Die Rumänin wusste, wie sie mich mit Tränen anpacken musste, damit ich ihr regelmäßig Geld spendete.

von Mag. (FH) Katharina Zach

über Sorgen, Menschlichkeit und eine verschwundene Zeitungs-Verkäuferin

Ich mag es mir nicht eingestehen, aber ich mache mir Sorgen. Nicht nur über die üblichen Themen, über die man sich derzeit als Österreicher halt so landläufig Sorgen macht: Geld, Wetter (mit ein bissi Klimawandel), Flüchtlinge und den katastrophalen Zustand der Klebstoffindustrie. Nein, ich mache mir Sorgen um die Dame mit den Zeitschriften vor meinem Spar-Supermarkt am Mödlinger Bahnhofsplatz.

Vielleicht erinnern sich manche: Die Rumänin wusste, wie sie mich mit Tränen und tragischen Geschichten anpacken musste, damit ich ihr regelmäßig Geld spendete. Einmal – vor Weihnachten, bepackt mit Geschenken und in sentimentaler Spenderlaune – gab ich ihr sogar 50 Euro. Daraufhin wollte sie jedoch ständig mehr. Ob meiner emotionalen Erpressbarkeit musste ich das Geschäft für drei Monate zur absoluten No-Go-Area erklären. Doch selbst als Passantin, entkam ich ihr nicht. Schoss ich um die Ecke des Parkplatzes, schossen ihr die Tränen aus den Augen.
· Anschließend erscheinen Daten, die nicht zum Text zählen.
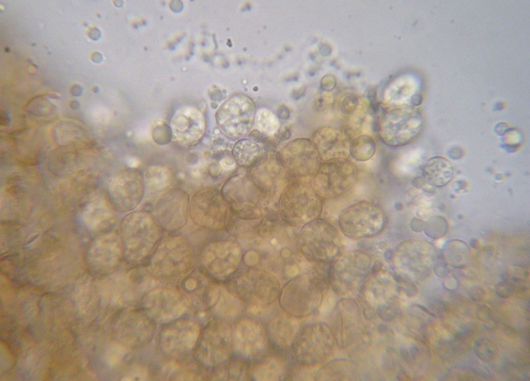Sporenballen: kleine braune Punkte die an „Insektenkot“ erinnernOLYMPUS DIGITAL CAMERASporenballen rundlich, 110-205 µm im Durchmesser, aus sterilen Zellen und Sporen bestehend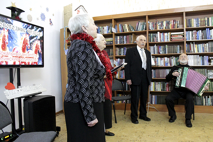 Их песни, тёплые и искренние, словно первая пушистая снежинка, запустили хоровод праздничных эмоций, наполнив зал улыбками и всеобщим ощущением радости. Казалось, сами стены библиотеки подпевали знакомым мелодиям о зиме, надежде и счастье.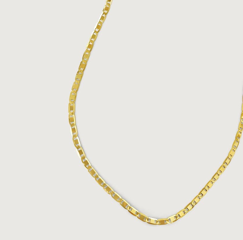 Make a statement with this timeless 2mm flat Pig Nose design Link Chain. One of our thinnest chains crafted with solid 18k gold and so has extra light-reflecting abilities, and shines that gleams on your neckline so it catches the light day-in day-out. It is truly an essential for any fine collection, an heirloom piece your collection needs to have. Sure to bling out your style no matter your outfit.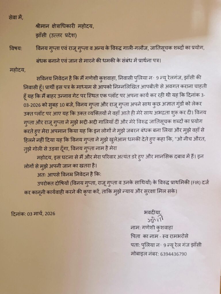 झाँसी। शहर में दबंगई और गुंडागर्दी का एक गंभीर मामला सामने आया है, जिसमें एक महिला ने कुछ लोगों पर अभद्रता, गाली-गलौज और जातिसूचक शब्दों का प्रयोग कर अपमानित करने के साथ-साथ जान से मारने की धमकी देने का आरोप लगाया है। पीड़िता ने इस पूरे प्रकरण की लिखित शिकायत क्षेत्राधिकारी झाँसी को सौंपते हुए दोषियों के विरुद्ध कड़ी कार्रवाई की मांग की है।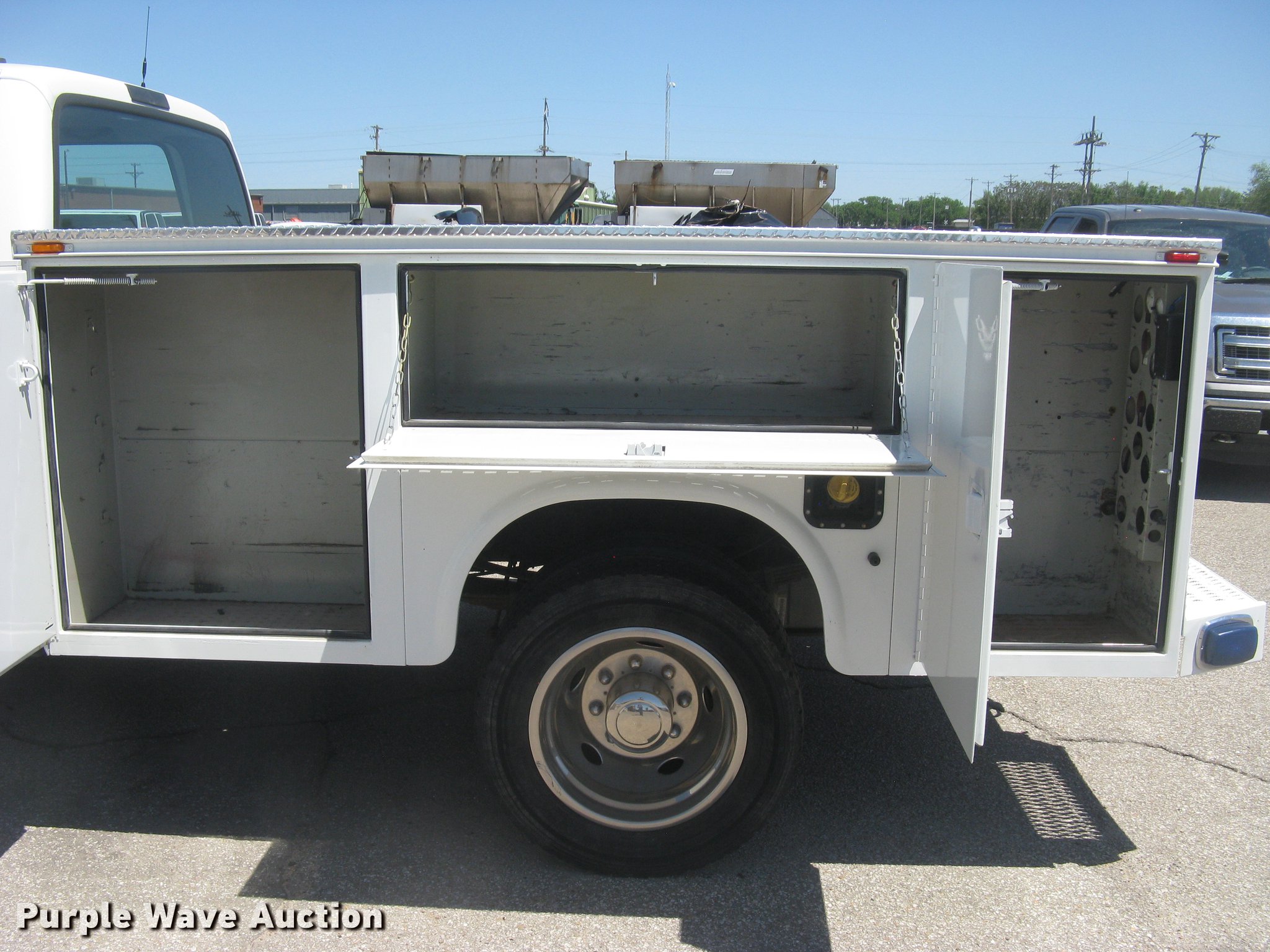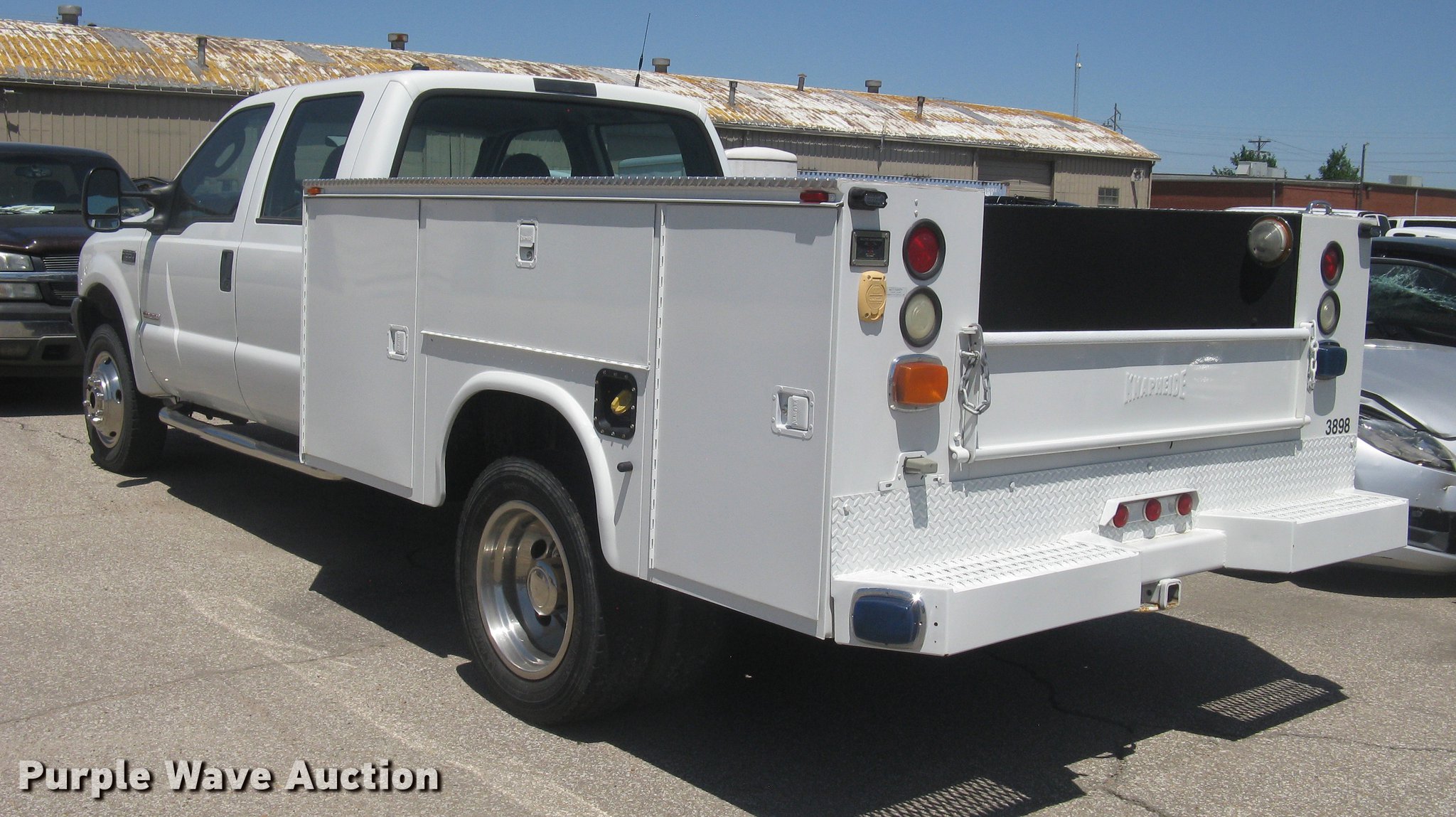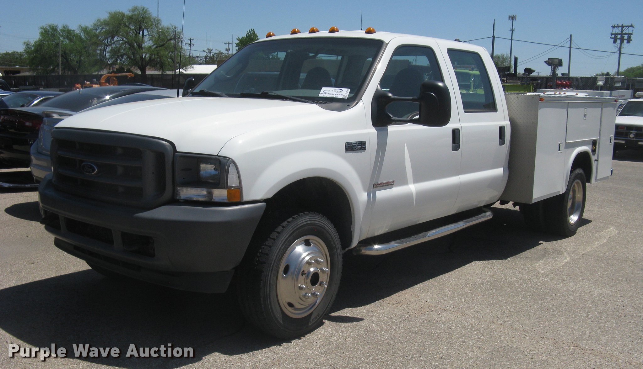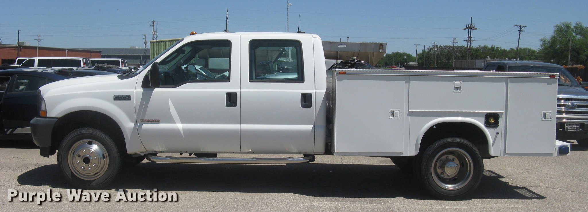 Purple Wave is selling a used Service Truck in Kansas. This item is a 2003 Ford F550 Super Duty XL Crew Cab utility truck with the following: Approx. 113,892 miles, 6.0L V8 OHV 32V turbo diesel engine, Automatic transmission, Four wheel drive, AC and heat, Tilt, Cruise, AM/FM, Power windows and locks, Vinyl interior, Front tow hooks, Running boards, Knapheide 6108D58J utility bed, 9'L x 94"W, Receiver hitch, Trailer wiring, 225/70R19.5 tires, Port holes in roof, No rear seats, Non-operational engine, Dead battery, Non-operational unit, Unit# 3898

Räumte ich meine Kameraausrüstung in den Kofferraum, hielt sie mir Fotos ihres nackten Enkels unter die Nase. (Keine Windeln, bitte, bitte...) Irgendwann schaffte ich es hart zu bleiben und ihr nur noch ab und zu ein paar Euro in die Hand zu drücken. (Kein Augenkontakt! )
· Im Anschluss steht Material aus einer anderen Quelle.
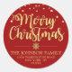 RED Gold Glitter Confetti Merry Christmas Address Classic Round Sticker
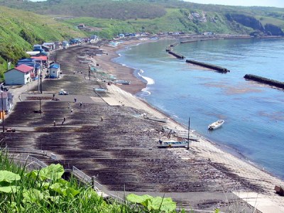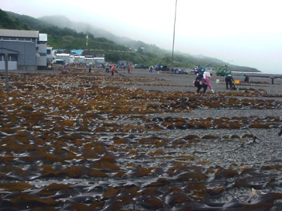 漁があった日は、天日(てんぴ)干しされたコンブが干場(かんば)一面に整然と並べら、その風景はまるで大きな黒いじゅうたんを敷詰めた様に見え、町中が一時磯の香りに包まれるほどです。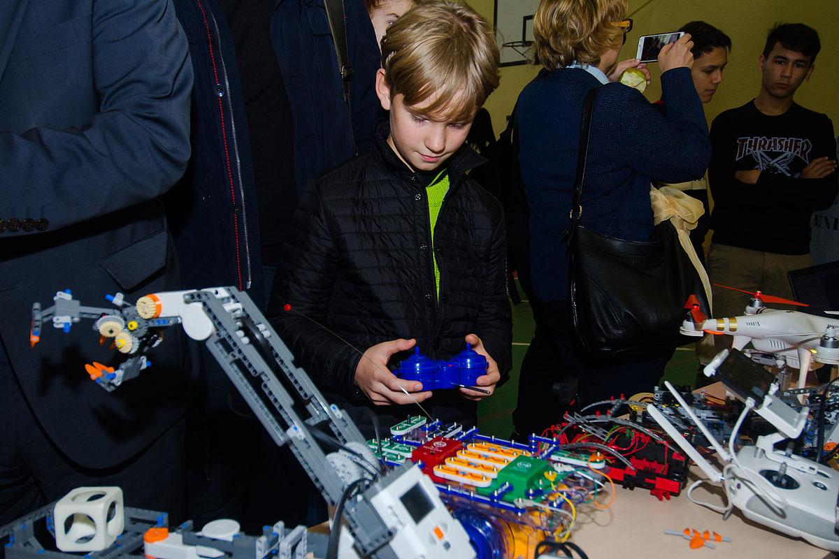 — Ой, что это за штучка, — показывала на пульт управления машинами-роботами симпатичная старшеклассница.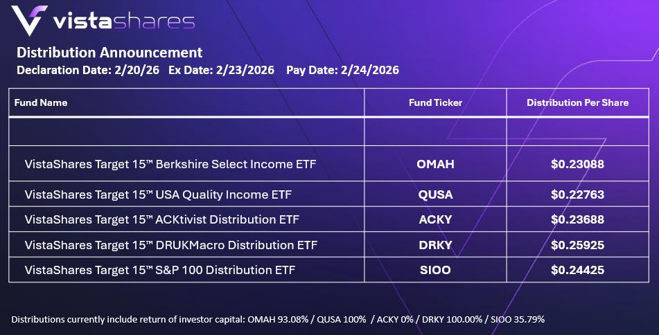 VistaShares, an innovative asset manager seeking to disrupt the status quo in thematic exposures, income investing, and more, is today announcing the distribution amounts for its five Target 15™ ETFs: VistaShares Target 15 S&P 100 Distribution ETF, VistaShares Target 15 DRUKMacro Distribution ETF (DRKY), VistaShares Target 15 ACKtivist Distribution ETF (ACKY), VistaShares Target 15™ Berkshire Select Income ETF (OMAH), and VistaShares Target 15 USA Quality Income ETF (QUSA).
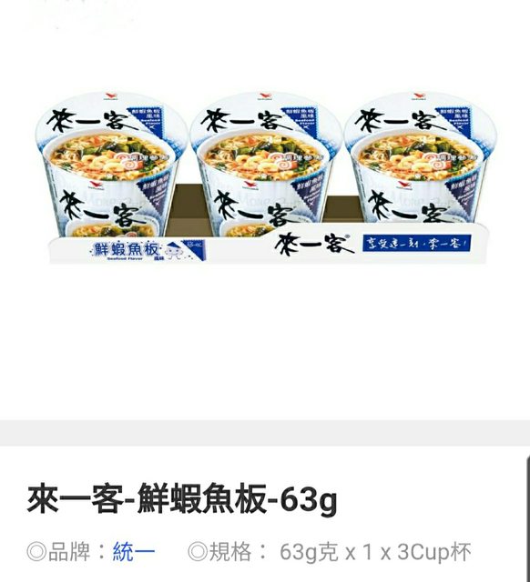 欲換物品:來一客鮮蝦魚板杯麵(3杯1組)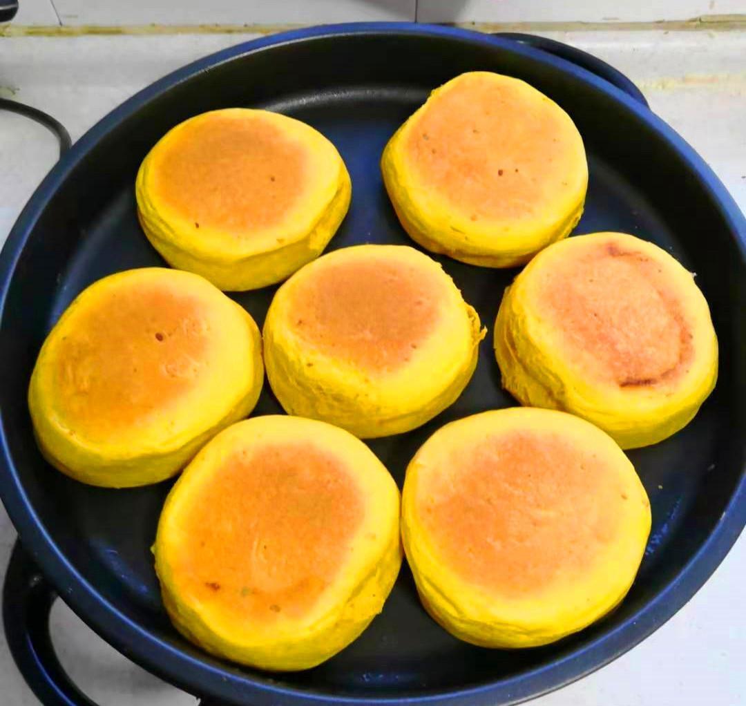 3.取一個電餅鐺不需要抹油,將醒發好的南瓜餅擺入,蓋上蓋子烙1分鐘左右開鍋,翻面成再繼續烙,烙至餅的兩面都呈金黃色,輕輕按壓一下能夠自然回彈就熟了,起鍋裝盤即可!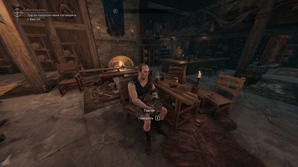Рядом с барной стойкой сидит Тэдган, который попросит найти приятеля, чтобы разговорить мужчину, дайте алкоголь или пять монет.

Doch Ende August/Anfang September übersiedelte mein Supermarkt. Ein paar Mal noch sah ich die Dame mit den Zeitschriften einsam vor den geschlossenen Schiebetüren stehen und auf verirrte Kundschaft warten. Dann war sie weg. Und vielleicht liegt es an meinem Timing, aber auch am neuen Supermarkt-Standort habe ich sie noch nicht gesehen.

Geht es ihr gut? Haben ihre Enkel Windeln? Wie verkraftet ihre Mutter die Fuß-OP? Ja, auch die durfte ich einmal kennenlernen. Ich habe tatsächlich Einblicke in das – zugegeben vielleicht auch erfundene – Leben dieser Frau erhalten. Nun mache ich mir tatsächlich Sorgen. Und gespendet habe ich auch schon länger nicht.

Hinweise werden also gerne entgegengenommen. Vielleicht frage ich auch ihre Schwester. Die steht nämlich vorm Hofer.